For vectors (specifically a normed vector space, but you don’t need to know that), the rules are as follows. For any vectors \({\mathbf{a}}\), \({\mathbf{b}}\) and \({\mathbf{c}}\) and any scalars \(\lambda\) and \(\mu\),

\({\mathbf{a}}+({\mathbf{b}}+{\mathbf{c}}) = ({\mathbf{a}}+{\mathbf{b}})+{\mathbf{c}}\): associativity of vector addition.
\({\mathbf{a}}+{\mathbf{b}} = {\mathbf{b}} + {\mathbf{a}}\): commutativity of vector addition.
\({\mathbf{a}}+{\mathbf{0}}={\mathbf{a}}\): adding zero does nothing.
\({\mathbf{a}}+(-{\mathbf{a}}) = 0\): subtraction works as expected.
\(\lambda(\mu {\mathbf{a}}) = (\lambda \mu) {\mathbf{a}}\): multiplication by scalars works as expected.
\(\lambda({\mathbf{a}}+{\mathbf{b}}) = \lambda{\mathbf{a}}+\lambda{\mathbf{b}}\): distributivity of scalar multiplication over vector addition.
\((\lambda+\mu){\mathbf{a}} = \lambda {\mathbf{a}} + \mu {\mathbf{a}}\): distributivity of scalar multiplication over scalar addition.
\(|{\mathbf{a}}|\geq 0\): the magnitude can’t be negative
\(|{\mathbf{a}}|=0\) if and only if \({\mathbf{a}}={\mathbf{0}}\): there is only one vector with magnitude 0.
\(|\lambda{\mathbf{a}}| = |\lambda| |{\mathbf{a}}|\): multiplying by a scalar just multiplies the magnitude by that amount (removing the minus sign if necessary).
\(|{\mathbf{a}}+{\mathbf{b}}|\leq |{\mathbf{a}}|+|{\mathbf{b}}|\): the triangle inequality.
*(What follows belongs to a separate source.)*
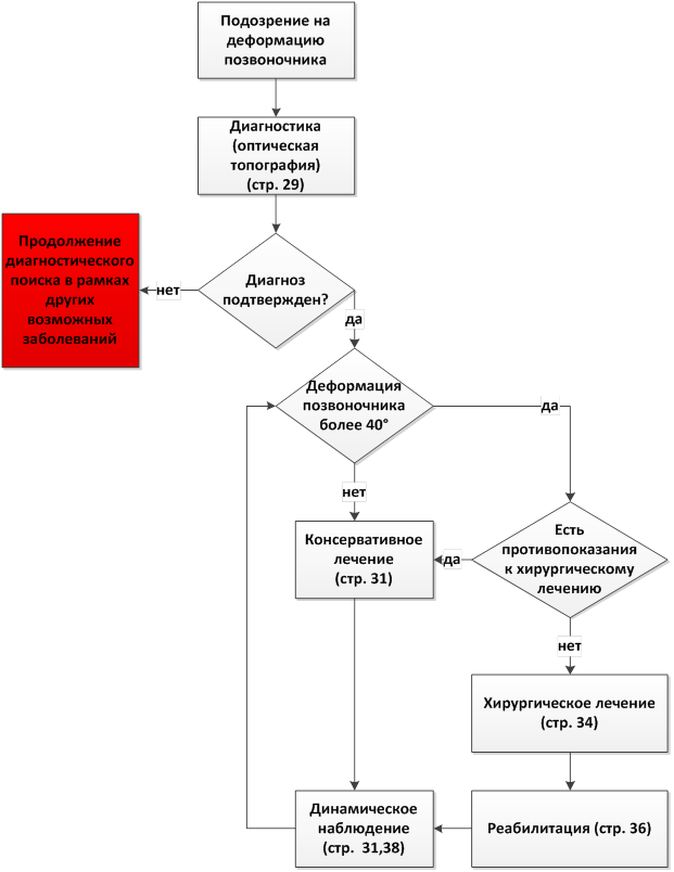 По этиологии и патогенезу вышеуказанные заболевания существенно отличаются. Даже пациенты, имеющие один и тот же диагноз, могут иметь клинические проявления различной степени выраженности. Также и характер, и величина, скорость прогрессирования сколиотических деформаций совершенно различные, что обуславливает индивидуальный подход к каждому пациенту и возможные отклонения от стандартной тактики, в зависимости от степени проявления основного заболевания.

That’s a long list! Try not to memorise these by rote, but instead learn the rules through practicing with example questions. Most of them are very intuitive. The last rule, the triangle inequality, isn’t so intuitive to me.

Common mistake

All too often I see people use the ‘rule’ that \(|{\mathbf{a}}+{\mathbf{b}}| = |{\mathbf{a}}| + |{\mathbf{b}}|\). This is only true if the vectors have the same direction.

Unit vectors

A unit vector is a vector with magnitude equal to 1. We sometimes use a little hat to denote unit vectors, like \(\hat{{\mathbf{a}}}\). So \(|\hat{{\mathbf{a}}}| = 1\).

Suppose you want to find a unit vector in the direction of another vector \({\mathbf{a}}\). Well \({\mathbf{b}} = \lambda {\mathbf{a}}\) is a vector in the right direction. Using the rules above, it has magnitude \(|{\mathbf{b}}|=|\lambda{\mathbf{a}}| = |\lambda| |{\mathbf{a}}|\). So if we choose \(\lambda = \frac{1}{|{\mathbf{a}}|}\), we have \(|{\mathbf{b}}| = \frac{1}{|{\mathbf{a}}|} |{\mathbf{a}}| = 1\). So \({\mathbf{b}}\) is a unit vector in the direction of \({\mathbf{a}}\).

Note

To turn any vector into a unit vector, multiply it by one divided by the magnitude.

Position vectors

So far we’ve discussed points in space. If we choose a special point, called the origin \(O\), then we can define the position of any other point relative to this.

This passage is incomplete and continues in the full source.